“Remember that story we read once, about the woman who cut the ends off her hams?”
My mother wipes her hands on the dish towel that she has slung over her left shoulder. She nods. “She did it because she had seen her mother do it. Turns out her mother had seen her mother do it – and all because she didn’t own a pan big enough to put a whole ham in.”
“I wonder,” I say, “how many people do things without knowing why.”
“Just about everyone,” she says, smiling.
There is a long period of comfortable silence in which cookies are decorated, spread out neatly on a deconstructed brown paper bag.
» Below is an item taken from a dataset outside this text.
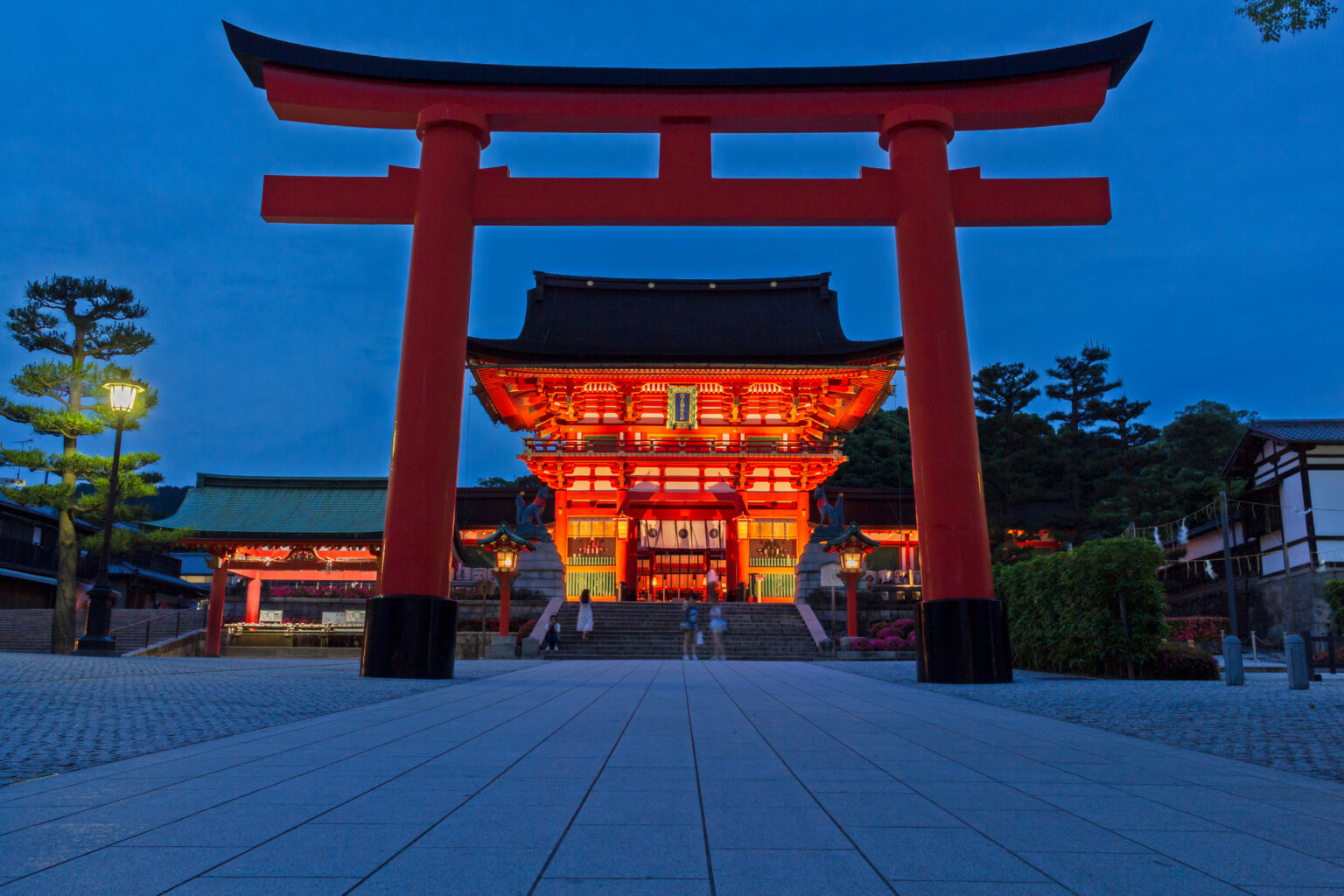 平日のほとんどの日で外国人観光客の方が日本人よりも多くなっており、日没後も稲荷山に登る外国人が多くなっている。なお、本殿付近はライトアップされており、稲荷山への参道も脇道以外は全区間で街灯が一晩中点灯されており夜間の参拝も容易である。

“You know your Uncle Sonny?”
Uncle Sonny is my father’s oldest brother, career military, a hardened, wizened man, a bit of sinew and bone far tougher than his 70-some years would imply.
“Yeah,” I say.
“He leaves his cheese out.”
I look at her, have an internal debate with myself on how many different ways I can mess with that sentence.
I decide against it.
“He leaves his cheese out,” I repeat.
She rolls a Russian Teacake in powdered sugar. “He likes it to develop a hard crust on it,” she says to the cookie.
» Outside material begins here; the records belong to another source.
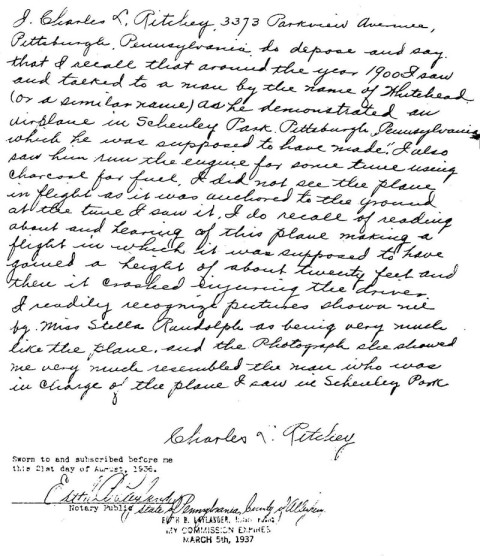 I Charles L. Ritchey, 3373 Parkview Avenue, Pittsburgh Pennsylvania do depose and say that I recall that around the year 1900 I saw and talked to a man by the name of Whitehead (or a similar name) as he demonstrated an airplane in Schenley Park, Pittsburgh, Pennsylvania, which he was supposed to have made. I also saw him run the engine for some time using charcoal for fuel. I did not see the plane in flight as it was anchored to the ground at the time I saw it. I do recall of reading about and hearing of this plane making a flight in which it was supposed to have gained a height of about twenty feet and then it crashed, injuring the driver. I readily recognized pictures shown me by Miss Stella Randolph as being very much like the plane and the photograph she showed me very much resembled the man who was in charge of the plane I saw in Schenley Park.
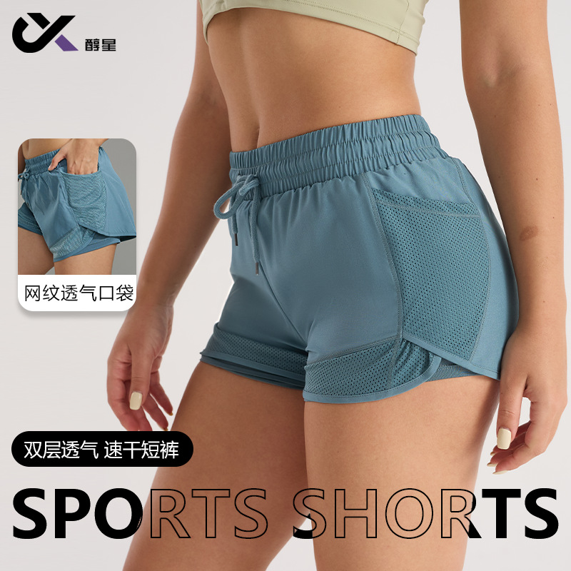 新型の光防止運動フィットネス半ズボンの女性のゆったりしたネットの糸は偽の2つの速乾のズボンのヨガの半ズボンの欧米をつなぎ合わせます。
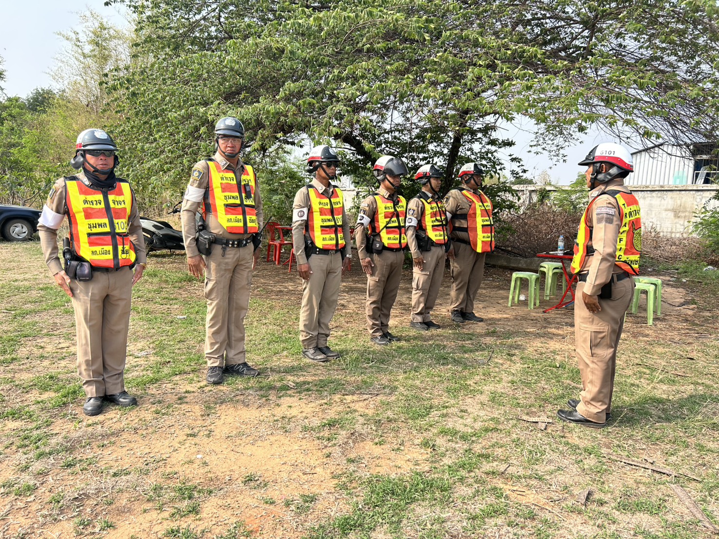 ตรวจจำนวน มอบหมายภารกิจประจำวัน ก่อนปล่อยแถวออกปฏิบัติหน้าที่ในเขตรับผิดชอบและชี้แจงข้อปฏิบัติ

“I kinda like the crust myself,” I say.
Now she’s the one to look at me funny.
“I do!” I say. “There’s something homey about it.”
“Homey,” she repeats. She looks at me funny. “They were really poor, you know, growing up. Really poor. Right on the railroad tracks, ice box, everything.”
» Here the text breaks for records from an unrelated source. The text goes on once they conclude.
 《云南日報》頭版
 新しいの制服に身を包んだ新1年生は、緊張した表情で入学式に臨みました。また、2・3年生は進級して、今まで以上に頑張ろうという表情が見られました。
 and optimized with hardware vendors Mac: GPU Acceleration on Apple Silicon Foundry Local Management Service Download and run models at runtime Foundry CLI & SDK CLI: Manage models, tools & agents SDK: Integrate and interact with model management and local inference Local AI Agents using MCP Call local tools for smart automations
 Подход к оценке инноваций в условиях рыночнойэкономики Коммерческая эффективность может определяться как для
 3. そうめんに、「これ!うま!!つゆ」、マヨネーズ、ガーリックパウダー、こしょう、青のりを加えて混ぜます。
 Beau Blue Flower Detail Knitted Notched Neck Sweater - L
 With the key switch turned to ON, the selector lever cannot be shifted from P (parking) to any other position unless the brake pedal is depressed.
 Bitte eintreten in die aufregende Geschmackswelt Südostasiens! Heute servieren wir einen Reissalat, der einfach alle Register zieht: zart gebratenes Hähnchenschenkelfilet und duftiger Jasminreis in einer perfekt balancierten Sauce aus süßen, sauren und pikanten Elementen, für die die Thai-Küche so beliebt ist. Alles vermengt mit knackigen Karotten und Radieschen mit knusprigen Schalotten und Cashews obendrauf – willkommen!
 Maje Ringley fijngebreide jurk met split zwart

“Limited room in an ice box,” I say, “So they left the cheese out.”
She nods. “And it forms a crust –“
“—as a cheese is wont to do.”
She nods again. “A cheese will do that every time.”
“We hang on to our childhoods long after we become adults,” I say, staring at the rows of Christmas cookies.
She reaches across the paper bag, hands me a warm cookie. “If we’re lucky,” she says.